The player is providing feedback related to the tool you’re testing with, but the game itself. Whether you’re using a physical prototype with pennies for tokens or Tabletop Simulator, play-test versions of games often don’t look pretty or feel quite like the final product would. If you know that you’ll be changing the game to have better components, don’t worry about comments on your bad components. If you will be passing hands of cards around the table in real life – don’t be upset when people say “it’s hard to pass hands in Tabletop Simulator.”

Important caveat: always play-test anything that goes into the final version of your game.

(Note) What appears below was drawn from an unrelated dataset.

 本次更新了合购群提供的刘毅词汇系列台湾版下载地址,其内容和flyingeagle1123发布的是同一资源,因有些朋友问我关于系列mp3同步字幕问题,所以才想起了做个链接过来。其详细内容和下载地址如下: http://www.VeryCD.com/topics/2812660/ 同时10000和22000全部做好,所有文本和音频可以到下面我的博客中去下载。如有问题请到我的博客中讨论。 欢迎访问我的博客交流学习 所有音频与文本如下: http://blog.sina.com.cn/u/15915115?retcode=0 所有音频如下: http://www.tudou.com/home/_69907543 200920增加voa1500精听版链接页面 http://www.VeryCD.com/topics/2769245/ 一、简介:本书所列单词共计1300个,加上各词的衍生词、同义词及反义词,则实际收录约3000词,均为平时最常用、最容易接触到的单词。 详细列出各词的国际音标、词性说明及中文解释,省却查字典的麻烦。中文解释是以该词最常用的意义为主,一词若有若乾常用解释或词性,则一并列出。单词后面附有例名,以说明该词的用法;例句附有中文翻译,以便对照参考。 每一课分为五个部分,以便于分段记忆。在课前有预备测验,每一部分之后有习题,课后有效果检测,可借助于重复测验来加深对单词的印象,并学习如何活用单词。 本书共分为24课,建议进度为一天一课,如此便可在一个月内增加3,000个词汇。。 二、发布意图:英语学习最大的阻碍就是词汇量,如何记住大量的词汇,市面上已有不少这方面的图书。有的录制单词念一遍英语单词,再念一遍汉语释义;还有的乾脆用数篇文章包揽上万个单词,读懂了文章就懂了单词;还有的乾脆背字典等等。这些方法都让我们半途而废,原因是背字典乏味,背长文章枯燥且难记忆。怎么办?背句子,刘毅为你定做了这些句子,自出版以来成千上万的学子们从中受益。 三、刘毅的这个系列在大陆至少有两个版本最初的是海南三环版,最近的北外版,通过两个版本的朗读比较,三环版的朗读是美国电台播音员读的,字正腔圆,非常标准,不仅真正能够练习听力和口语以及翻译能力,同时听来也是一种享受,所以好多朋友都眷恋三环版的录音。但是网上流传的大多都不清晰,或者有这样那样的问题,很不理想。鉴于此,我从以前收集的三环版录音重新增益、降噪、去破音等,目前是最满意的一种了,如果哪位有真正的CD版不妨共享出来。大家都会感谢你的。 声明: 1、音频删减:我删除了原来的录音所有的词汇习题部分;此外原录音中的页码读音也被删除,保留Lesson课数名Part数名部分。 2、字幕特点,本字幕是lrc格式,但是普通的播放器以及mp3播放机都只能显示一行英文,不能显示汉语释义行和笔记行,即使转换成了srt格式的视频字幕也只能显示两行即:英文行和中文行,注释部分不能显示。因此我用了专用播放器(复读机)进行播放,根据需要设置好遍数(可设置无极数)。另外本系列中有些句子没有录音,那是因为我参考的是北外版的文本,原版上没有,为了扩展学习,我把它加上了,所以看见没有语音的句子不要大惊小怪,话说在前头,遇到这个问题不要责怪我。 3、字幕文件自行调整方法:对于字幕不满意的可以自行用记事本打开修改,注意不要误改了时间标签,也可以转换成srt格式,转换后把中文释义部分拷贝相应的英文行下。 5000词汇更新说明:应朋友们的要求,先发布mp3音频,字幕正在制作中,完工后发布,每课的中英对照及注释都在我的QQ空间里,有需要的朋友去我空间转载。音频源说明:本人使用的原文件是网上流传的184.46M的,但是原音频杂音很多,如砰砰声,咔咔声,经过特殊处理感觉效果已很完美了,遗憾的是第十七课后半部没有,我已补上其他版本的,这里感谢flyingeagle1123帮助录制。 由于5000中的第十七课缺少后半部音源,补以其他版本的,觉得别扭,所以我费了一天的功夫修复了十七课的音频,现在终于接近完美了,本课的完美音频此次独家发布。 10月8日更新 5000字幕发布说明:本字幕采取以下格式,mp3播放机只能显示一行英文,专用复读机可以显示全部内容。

The player is wildly pitching ideas. In general, if your game is on the right track, I find that you’ll get far more comments than questions. If you get a play-tester who has all sorts of ideas that don’t match up with the direction you’re taking the game in, that might be a sign of three things. One, they could be legitimately good ideas which you should consider. Two, they might not understand the game – see the previous point. Three, they might be pushing their creative instincts and desires on to your project. If that last one is the case, that’s got more to do with them than you. As always, I suggest you run wild ideas by other play-testers if you’re not sure.

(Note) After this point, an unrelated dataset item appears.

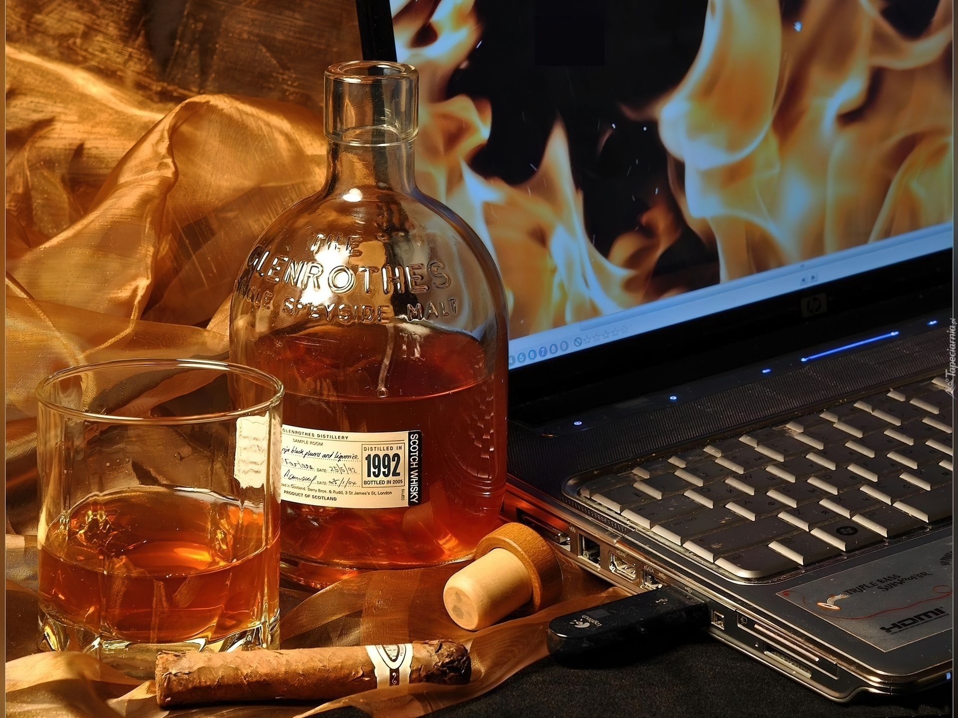 Edytor tapety: Szklaneczka, Butelka, Koniak, Cygaro, Laptop

3 Times Play-Testing Feedback is Definitely Useful


The feedback is regarding an issue that is both tangible and objective. If a player says “you’ve got a typo” or “this card could resolve in an undesirable way, watch me do it,” you must pay attention. When you get specific feedback about issues that are clear-cut, that’s as useful as it gets. Thank them and fix the issue next time you make a version. You don’t need multiple people to confirm these sorts of issues.

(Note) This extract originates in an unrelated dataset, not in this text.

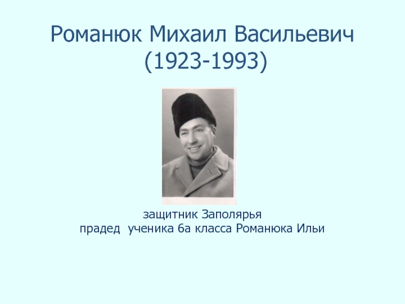 Романюк Михаил Васильевич  (1923-1993)защитник Заполярьяпрадед ученика 6а класса Романюка Ильи

Multiple people have independently said the same thing. When it comes to matters like balance or fun, it’s really hard to know what is best. There is no clear answer like the ones for typos or loopholes. When multiple people say “I feel like this game isn’t balanced so well,” it doesn’t matter if your game is balanced perfectly in an Excel spreadsheet according to infallible mathematics. When a good portion of your play-testers feel like something’s wrong with your game, then something is probably wrong with your game. In fact, “majority rule” is one of the best ways to gauge the quality of your game when it comes to matters of taste.


Feedback is associated with actions that confirm the feedback. Imagine a player spends a minute or two organizing their hand, slowing down the game, and they say “you know, these cards are awfully fiddly.” It might be a problem if they took a minute or two without saying something. It might be a problem if they complained it was fiddly but only took a few seconds. Yet if both are happening at the same time, then something is up. Likewise, if a player says, “I don’t know what to do here,” and proceeds to make an absolutely bonkers strategic error, then your game may need clarification in some areas.


Despite my scientific rigor in recording feedback, there is a reason I refer to play-testing as The Art of the Play-Test in a prior article. The guidelines above are made to help you determine when play-testing feedback is useful and when it is not. Yet I can offer no certainty, no absolutes, and no rubrics. The decisions you make here are where game development becomes an art form – a matter of taste, judgement, and care.




Most Important Highways & Byways Updates

  • Chugging right along in play-testing. I need to make some minor updates to balance and polish the game a bit, but everybody who’s tested it so far has liked it. That’s rare and I’m thankful.
  • James has delivered some card art templates. It’s nothing flashy and it’s nothing that shares particularly well. Despite this, please understand that this is the basis of our workflow from here on out, making it good progress.